■ Source information

<<<<

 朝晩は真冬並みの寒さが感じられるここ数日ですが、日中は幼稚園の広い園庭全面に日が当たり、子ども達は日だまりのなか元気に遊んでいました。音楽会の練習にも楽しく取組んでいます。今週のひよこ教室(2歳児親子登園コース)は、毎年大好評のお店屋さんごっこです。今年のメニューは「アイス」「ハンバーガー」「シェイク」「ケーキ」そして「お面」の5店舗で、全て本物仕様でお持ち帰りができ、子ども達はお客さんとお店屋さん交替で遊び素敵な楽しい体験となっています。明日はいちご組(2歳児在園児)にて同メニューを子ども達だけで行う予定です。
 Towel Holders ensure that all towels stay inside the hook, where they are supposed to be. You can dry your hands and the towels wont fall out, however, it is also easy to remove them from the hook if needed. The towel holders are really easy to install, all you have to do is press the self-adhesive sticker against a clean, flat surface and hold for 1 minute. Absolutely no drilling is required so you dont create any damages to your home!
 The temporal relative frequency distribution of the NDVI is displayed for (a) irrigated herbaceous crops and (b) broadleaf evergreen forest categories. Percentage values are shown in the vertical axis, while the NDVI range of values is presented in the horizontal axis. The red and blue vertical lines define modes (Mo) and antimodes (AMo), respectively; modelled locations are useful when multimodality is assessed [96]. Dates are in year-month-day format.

>>>>
<<<<

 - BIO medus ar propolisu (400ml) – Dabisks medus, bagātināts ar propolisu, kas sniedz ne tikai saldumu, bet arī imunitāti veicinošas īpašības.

>>>>

■ Directions for this task
Using the records above, set down exactly the lines from the one with "朝晩は真冬並みの寒さが感じら" through the one with "The temporal relative", inclusive, and nothing more.

■ Task response
 朝晩は真冬並みの寒さが感じられるここ数日ですが、日中は幼稚園の広い園庭全面に日が当たり、子ども達は日だまりのなか元気に遊んでいました。音楽会の練習にも楽しく取組んでいます。今週のひよこ教室(2歳児親子登園コース)は、毎年大好評のお店屋さんごっこです。今年のメニューは「アイス」「ハンバーガー」「シェイク」「ケーキ」そして「お面」の5店舗で、全て本物仕様でお持ち帰りができ、子ども達はお客さんとお店屋さん交替で遊び素敵な楽しい体験となっています。明日はいちご組(2歳児在園児)にて同メニューを子ども達だけで行う予定です。
 Towel Holders ensure that all towels stay inside the hook, where they are supposed to be. You can dry your hands and the towels wont fall out, however, it is also easy to remove them from the hook if needed. The towel holders are really easy to install, all you have to do is press the self-adhesive sticker against a clean, flat surface and hold for 1 minute. Absolutely no drilling is required so you dont create any damages to your home!
 The temporal relative frequency distribution of the NDVI is displayed for (a) irrigated herbaceous crops and (b) broadleaf evergreen forest categories. Percentage values are shown in the vertical axis, while the NDVI range of values is presented in the horizontal axis. The red and blue vertical lines define modes (Mo) and antimodes (AMo), respectively; modelled locations are useful when multimodality is assessed [96]. Dates are in year-month-day format.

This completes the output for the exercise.